Restate, word for word and with no pictures, the stretch of lines in the data below that begins at the line with "- Système de" and ends at the line with "9CT White Gold", inclusive.

*** Records supplied Section Begins ***

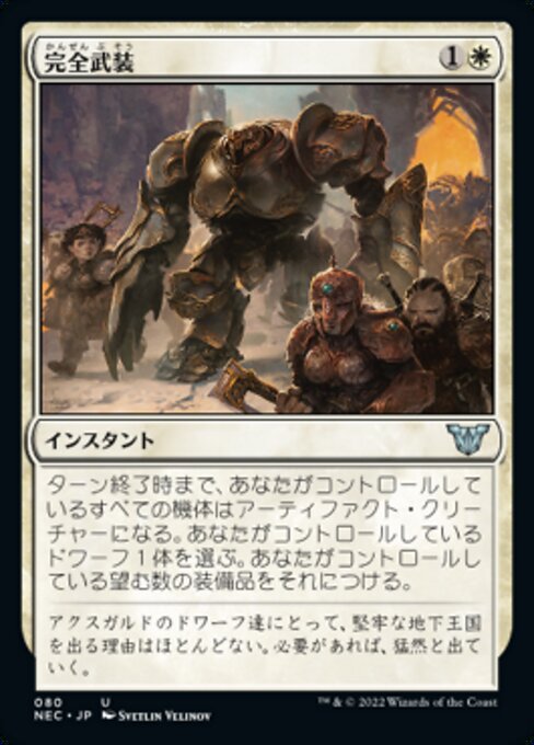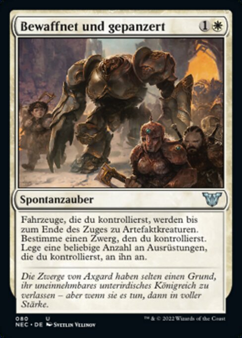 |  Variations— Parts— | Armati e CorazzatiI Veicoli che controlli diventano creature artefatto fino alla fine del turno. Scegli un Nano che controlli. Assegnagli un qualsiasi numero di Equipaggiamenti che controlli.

*** Records supplied Section Ends ***
*** Records supplied Section Begins ***

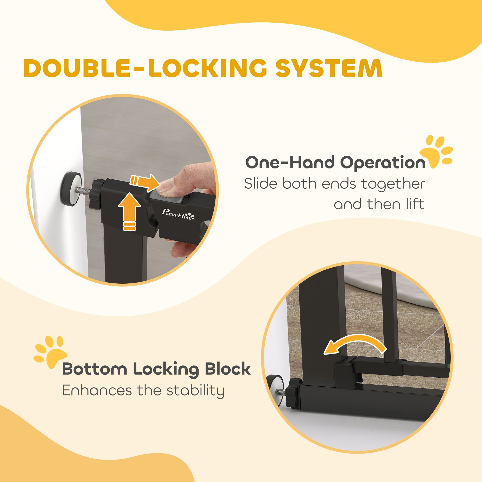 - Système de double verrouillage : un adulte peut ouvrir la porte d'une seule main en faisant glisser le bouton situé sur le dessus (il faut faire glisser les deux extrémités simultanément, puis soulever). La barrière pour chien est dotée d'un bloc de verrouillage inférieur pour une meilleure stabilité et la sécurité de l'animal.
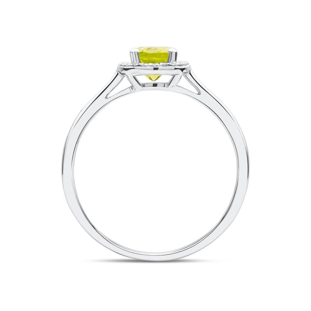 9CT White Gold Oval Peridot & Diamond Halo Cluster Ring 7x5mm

*** Records supplied Section Ends ***

> _Response_
 - Système de double verrouillage : un adulte peut ouvrir la porte d'une seule main en faisant glisser le bouton situé sur le dessus (il faut faire glisser les deux extrémités simultanément, puis soulever). La barrière pour chien est dotée d'un bloc de verrouillage inférieur pour une meilleure stabilité et la sécurité de l'animal.
 9CT White Gold Oval Peridot & Diamond Halo Cluster Ring 7x5mm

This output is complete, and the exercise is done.